No caso de Sábado à noite, logo no início o filme apresenta claramente o seu dispositivo (que será abandonado em alguns momentos mais adiante): as pessoas da equipe de filmagem vão para a rodoviária local em busca de alguém que lhes dê carona e lhes leve para outro lugar - e, a partir dos vários encontros que têm dali em diante, tratam de mostrar ações e personagens de uma noite de sábado em Fortaleza. Os registros filmados em equipamento digital são apresentados em preto-e-branco, um artifício que torna explícita a estetização da imagem - assim como a ausência quase total de falas ao longo do filme também é, em alguma medida, uma intervenção posterior, feita após as filmagens: é uma escolha, embora não seja tão evidente quanto o gesto de não usar cores. O filme se faz íntegro com estas decisões e, talvez por isso, toda a sua elaboração visual e sonora parece manter uma leveza, uma certa naturalidade que lhe dá força. É um filme que se motiva pelo impulso de registrar o que não conhece, o que não controla; e é com esse impulso que se sustenta, extraindo a emoção de fazer cinema existir através de encontros até mesmo com pombos fugidios, como acontece em certo momento da madrugada filmada.

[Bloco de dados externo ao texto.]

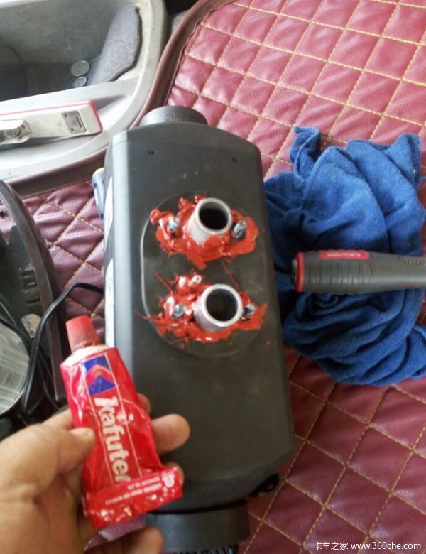 在保养完燃烧室点火极之后,卡友“老情人”在密封胶垫处打了一层密封胶加强密封,这胶打得像屎一样应该给个差评。
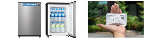左から、「アイススラリー冷蔵庫」、「適温蓄冷材」
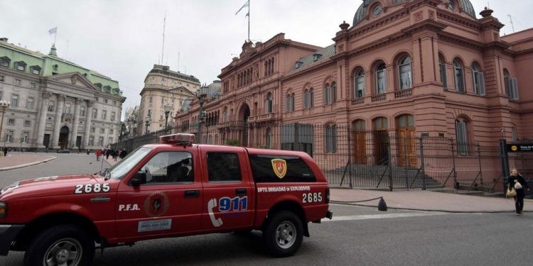 El hecho sucedió este mediodía cuando en la línea 911 de la provincia de Buenos Aires recibieron un llamado anónimo que daba cuenta de la presencia de un artefacto explosivo en la Casa Rosada, por lo cual se ordenó una inmediata inspección a cargo de la Policía Federal.Sin evacuar el edificio, los expertos realizaron la tarea y descartaron la presencia de algún tipo de explosivo dentro de la Casa de Gobierno.El episodio se suma a otras dos amenazas registradas en las últimas horas, una de ellas contra la gobernadora bonaerense, María Eugenia Vidal, y otra contra el gobernador jujeño, Gerardo Morales.La amenaza de bomba se produjo en momentos en que el presidente Mauricio Macri se encuentra en Roma para reunirse mañana con el papa Francisco y asistir el domingo a la ceremonia de canonización del cura Brochero.Fuentes policiales indicaron que la investigación del hecho recayó en el juzgado federal a cargo de Rodolfo Canicoba Corral, según publica Nexofin.
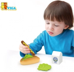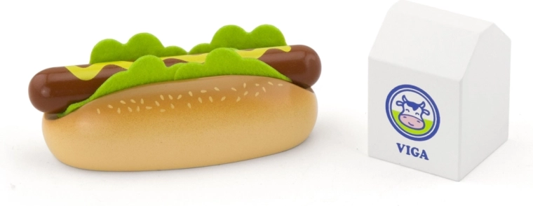 Deze hoogwaardige houten set van VIGA biedt kinderen realistisch kookspel. De hotdog met broodje, sla en mosterd samen met het “melkpak” stimuleren creativiteit en leren kinderen de basis van sociaal spel. Dankzij de stevige houten afwerking is de set ideaal voor dagelijks spelen.
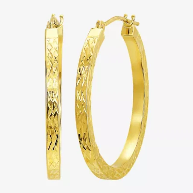 Womens 14K Gold 25mm Oval Hoop Earrings

O grão também apresenta uma certa ralentação das ações, agora em registro ficcional, em que o cotidiano de uma família fecha diferentes ciclos simultaneamente: a filha se casa, a avó falece após um período de convalescença. De certa maneira, ele parece se diferenciar dos outros filmes por dar peso ao rigor na concepção e apresentação das imagens, que os demais abandonam em favor de uma atmosfera mais descontraída - esta já mencionada leveza do olhar, que não está no horizonte do filme de Petrus Cariry. Neste sentido, O grão tem um grau de auto-consciência da representação artística que acaba lhe pesando demais sobre os ombros, embora apresente uma beleza serena nos seus melhores momentos.

Estrada para Ythaca, por sua vez, é um filme coletivo em que os próprios diretores são também atores-personagens. Como tal, eles interpretam um grupo de jovens barbudos que estão decididos a beber várias cervejas, enlutados pelo falecimento de um amigo - até que um deles resolve partir para outra cidade, Ythaca, e os outros acabam por aceitar acompanhá-lo. Road-movie bebum e sem dinheiro, em que o carro escangalha e a comida tem que ser improvisada, Estrada para Ythaca celebra a amizade, a união e uma certa gaiatice, alternando momentos singelos e outros com humor francamente surrealista. Em certo trecho, por exemplo, os quatro têm um sonho coletivo em que o amigo falecido se confunde com o fantasma de Glauber Rocha e aparece para eles reproduzindo uma cena célebre do filme Vento do Leste, de Jean-Luc Godard. Nela, o cineasta baiano está de costas para uma bifurcação e diz que um lado indica o caminho do cinema de ação e fantasia, enquanto o outro lado leva ao cinema do terceiro mundo, o cinema realista. Mais tarde, os quatro amigos se vêem diante da mesma bifurcação e escolhem então seguir pelo caminho definido por Glauber como terceiro-mundista. Ao seguir por este caminho, mais tarde o grupo é abduzido e, quando voltam, estão todos de barba feita. Quando enfim chegam à sua Ythaca sonhada, nada mais têm a fazer que voltar a beber mais cervejas e celebrar a amizade entre si. Assim, Estrada para Ythaca é praticamente um manifesto em favor de um cinema feito de modo artesanal, coletivo e afetivo, que se preocupe menos em satisfazer determinados parâmetros típicos do discurso do profissionalismo e mais em apresentar certos climas, ambientações e sentimentos que, a seu modo, vão lhe dando personalidade e força. É um filme que escolhe seu próprio ritmo e defende seus caminhos, é certo. Dentro do contexto atual, essa proposta de um certo modo de cinema é um forte indício de que vale a pena prestar atenção às novidades que virão do Ceará.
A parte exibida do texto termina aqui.